The Space Tourist Who Wasn't: Welcome to Star City [2]

Japanese dot com mogul Dice-K spent $20 million to become a space tourist. But he barely made it out of Russia's cosmonaut training camp, Star City.

This story, which originally appeared in Wired, is part two of my feature story about Russia’s cosmonaut training town, Star City. I went first in 2006 to chronicle Dice-K’s adventure, and then returned in 2008 to write about computer game designer Richard Garriott’s training.

I met Daisuke "Dice-K" Enomoto in Star City, Russia, in August 2006. Enomoto, 37, is slight with tired eyes and a shock of bleach-blond dyed hair. His idea of space travel comes from comic books and Star Wars. He grew up as a self-described otaku, coding his own computer games and dreaming of space—or, at least, space as it was portrayed in Star Wars and manga. His favorite anime show, Gundam, chronicles a future full of giant robots in which humans are abandoning this planet for the stars. "People who live on Earth, their souls is tied up by gravity, you understand?" Enomoto says. "I sympathize with this idea. Maybe in the future people should live in the space."

Enomoto applied his programming skills to building Internet companies, making millions. He bought a swanky wraparound penthouse loft overlooking Tokyo's famous electronics district, Akihabara. He tooled around in Porsches and Segways, and threw raves. He redecorated the moon-age pad himself, tricking it out with sinuous white walls modeled after the International Space Station. But life was bearing down on him. He married and divorced, had a couple of kids. One of his former companies, Livedoor, was embroiled in criminal lawsuits over stock and accounting issues. He needed to get away from the money, the demands, the scandal. And what better place to go than space? "I just want to go up there," he says, "and chill."

This giddy club kid paid $20 million (the price of a trip to the International Space Station at the time) to Space Adventures. He left behind his sci-fi penthouse and moved into a tiny two-room apartment in Star City to train for his 10-day space trip. He bunked with a Russian translator named Sergei, who stayed up every night shoving wads of newspaper into the window cracks to keep out the freezing winds.

The longer Enomoto stayed at Star City, however, the more he came to enjoy the simple life there. Gone were the pressures of life in Japan. "I realize life is more than just money," he says. The broadband access in his cramped Star City apartment and several seasons of 24 on DVD didn't hurt.

Enomoto had big plans for his ride into space—and not just the ultimate iPod playlist he put together for the trip, a meticulously arranged mix of techno and trance.
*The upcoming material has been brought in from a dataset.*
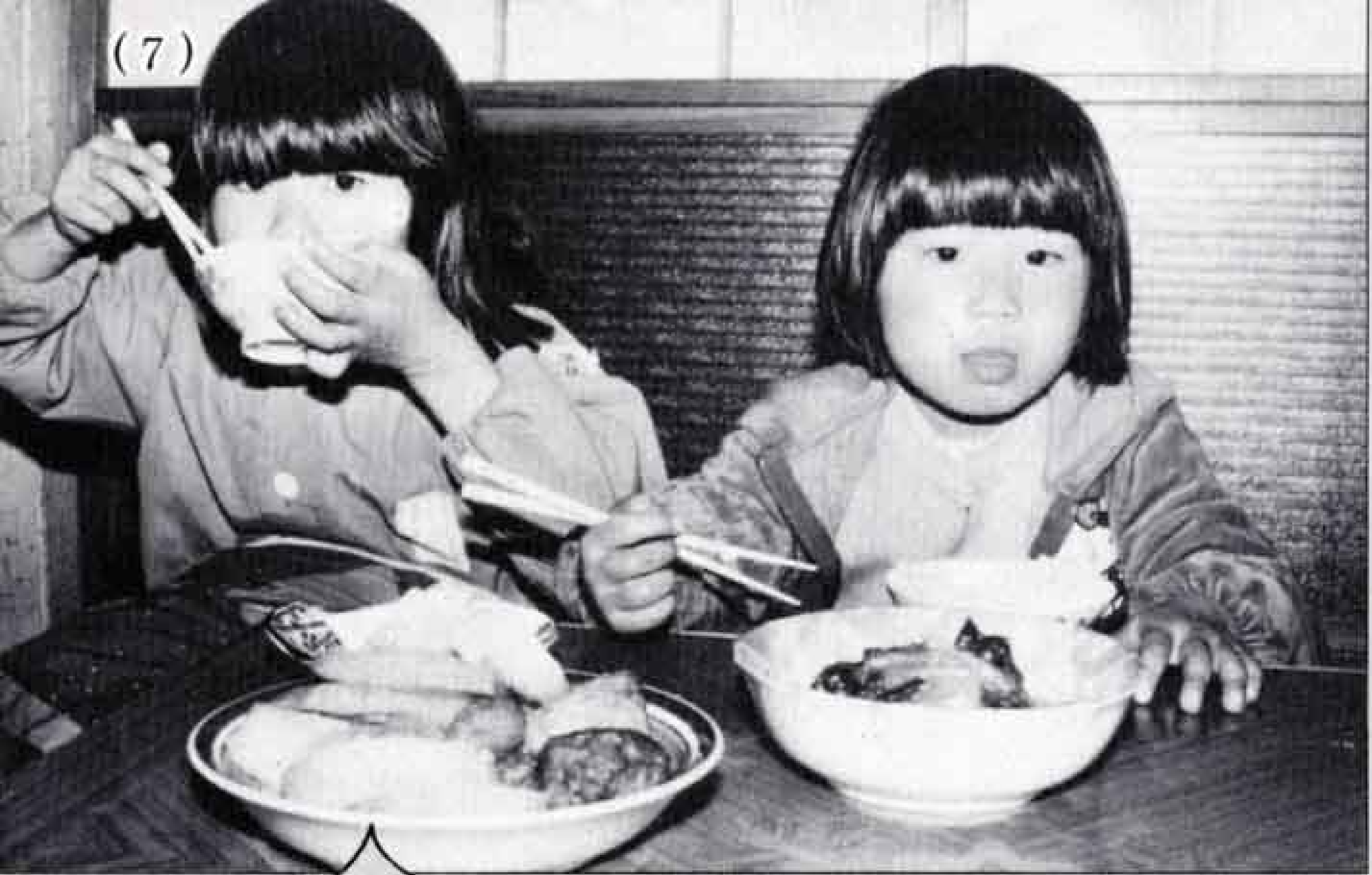
好き嫌いなく何でも食べるよ

He also intended to take cosplay to a whole new level. He would dress like his favorite anime character—the mighty Char Aznable from Gundam. He had his assistant make a custom space suit, an orange and black number complete with a homemade Dice-K patch stitched on the front.

Every Space Adventures client can do experiments during his or her trip to space—most have chosen to conduct scientific research. Enomoto decided to see if he could assemble Gundam toys in weightlessness. Enomoto explains, "I make robots in these bags!" as he reaches his hands inside what looks like an elaborate Ziploc filled with robot parts, "just because it's fun!"
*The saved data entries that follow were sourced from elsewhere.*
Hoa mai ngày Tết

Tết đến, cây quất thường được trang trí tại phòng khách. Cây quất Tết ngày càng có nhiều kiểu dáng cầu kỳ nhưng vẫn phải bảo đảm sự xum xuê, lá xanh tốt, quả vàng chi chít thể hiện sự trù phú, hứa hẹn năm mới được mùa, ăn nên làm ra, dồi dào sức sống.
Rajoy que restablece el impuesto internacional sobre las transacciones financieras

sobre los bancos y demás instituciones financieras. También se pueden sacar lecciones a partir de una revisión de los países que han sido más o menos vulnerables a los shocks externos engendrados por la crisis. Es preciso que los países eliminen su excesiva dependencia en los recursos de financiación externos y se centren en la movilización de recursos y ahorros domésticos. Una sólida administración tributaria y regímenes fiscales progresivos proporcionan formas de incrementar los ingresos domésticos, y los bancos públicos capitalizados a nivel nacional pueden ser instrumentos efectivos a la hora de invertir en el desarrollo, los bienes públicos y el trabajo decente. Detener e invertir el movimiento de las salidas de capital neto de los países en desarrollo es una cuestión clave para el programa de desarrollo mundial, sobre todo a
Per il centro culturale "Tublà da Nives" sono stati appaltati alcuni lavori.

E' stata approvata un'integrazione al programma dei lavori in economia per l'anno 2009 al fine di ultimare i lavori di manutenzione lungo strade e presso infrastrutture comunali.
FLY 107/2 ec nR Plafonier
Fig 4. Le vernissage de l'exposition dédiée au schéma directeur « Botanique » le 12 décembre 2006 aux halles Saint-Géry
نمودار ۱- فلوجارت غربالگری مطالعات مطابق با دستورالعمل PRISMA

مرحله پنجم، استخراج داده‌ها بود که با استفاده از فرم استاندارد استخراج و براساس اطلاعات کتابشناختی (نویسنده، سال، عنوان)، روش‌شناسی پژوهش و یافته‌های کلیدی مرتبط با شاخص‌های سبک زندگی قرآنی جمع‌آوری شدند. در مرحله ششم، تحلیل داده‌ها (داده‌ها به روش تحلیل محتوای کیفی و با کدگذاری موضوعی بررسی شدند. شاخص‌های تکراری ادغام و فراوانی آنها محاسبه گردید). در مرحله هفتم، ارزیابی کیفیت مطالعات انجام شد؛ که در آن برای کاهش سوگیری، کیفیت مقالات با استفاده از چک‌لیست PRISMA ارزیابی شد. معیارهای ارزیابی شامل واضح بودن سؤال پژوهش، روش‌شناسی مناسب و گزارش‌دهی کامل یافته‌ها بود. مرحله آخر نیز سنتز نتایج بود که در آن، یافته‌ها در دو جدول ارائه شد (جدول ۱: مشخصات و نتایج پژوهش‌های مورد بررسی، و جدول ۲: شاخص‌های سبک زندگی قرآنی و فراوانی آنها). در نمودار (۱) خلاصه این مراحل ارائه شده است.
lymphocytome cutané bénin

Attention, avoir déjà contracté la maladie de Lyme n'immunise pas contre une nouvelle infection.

Enomoto show me a couple of toy Gundam robots, an example of the sort of toys he wanted to see if he could assemble in the weightlessness of space. Photo: David Kushner

Enomoto's space dreams came crashing down one August morning shortly after my arrival in Star City. The discovery of a kidney stone means he can't fly. Enomoto's backup, Anousheh Ansari, a 41-year-old Iranian woman living in the US, will be taking his seat in the next Soyuz launch. After a visit to the hospital, he's sitting in his apartment with a steaming cup of tea. Enomoto's phone rings off the hook from friends just getting the news. But Enomoto is all smiles.
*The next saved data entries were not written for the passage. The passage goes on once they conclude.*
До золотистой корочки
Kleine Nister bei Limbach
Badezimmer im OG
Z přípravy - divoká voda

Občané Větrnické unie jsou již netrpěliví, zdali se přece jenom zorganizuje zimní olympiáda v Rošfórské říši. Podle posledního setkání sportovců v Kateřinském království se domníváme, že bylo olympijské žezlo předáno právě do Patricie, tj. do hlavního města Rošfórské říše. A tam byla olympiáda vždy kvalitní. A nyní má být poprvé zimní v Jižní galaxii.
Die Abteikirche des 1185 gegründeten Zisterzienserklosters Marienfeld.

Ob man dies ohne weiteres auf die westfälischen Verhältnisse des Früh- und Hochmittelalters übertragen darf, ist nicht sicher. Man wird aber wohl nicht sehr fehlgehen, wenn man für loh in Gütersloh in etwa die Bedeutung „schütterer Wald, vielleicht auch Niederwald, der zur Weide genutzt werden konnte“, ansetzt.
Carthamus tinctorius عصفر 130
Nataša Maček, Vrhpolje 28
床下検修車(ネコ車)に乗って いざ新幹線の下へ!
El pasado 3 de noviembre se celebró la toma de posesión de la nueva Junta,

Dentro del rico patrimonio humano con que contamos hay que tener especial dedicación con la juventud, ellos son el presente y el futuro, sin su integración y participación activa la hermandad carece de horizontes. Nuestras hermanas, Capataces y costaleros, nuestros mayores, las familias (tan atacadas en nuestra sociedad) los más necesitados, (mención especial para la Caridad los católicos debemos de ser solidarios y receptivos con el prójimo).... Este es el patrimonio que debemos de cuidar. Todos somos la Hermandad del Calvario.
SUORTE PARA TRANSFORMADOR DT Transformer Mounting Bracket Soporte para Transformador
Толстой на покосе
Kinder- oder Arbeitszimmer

"My flight isn't canceled," he tells his friend on the phone, "it's just postponed." With his training complete and his condition treatable by a blast of ultrasound, Enomoto is in even better shape. He'll be up in space in no time. Best of all, he says, now he can work out some final details like getting the space station manuals translated into Japanese. And, he says, maybe he'll use the extra time to negotiate a spacewalk outside the ISS.

In the meantime, he's happy Anousheh is getting her crack at the flight.

Any chance he'll let her assemble one of his robot toys in space when she goes? "I don't think so!" he says, with a nerdy laugh and a snort. He spent $20 million, and the robots are coming with him.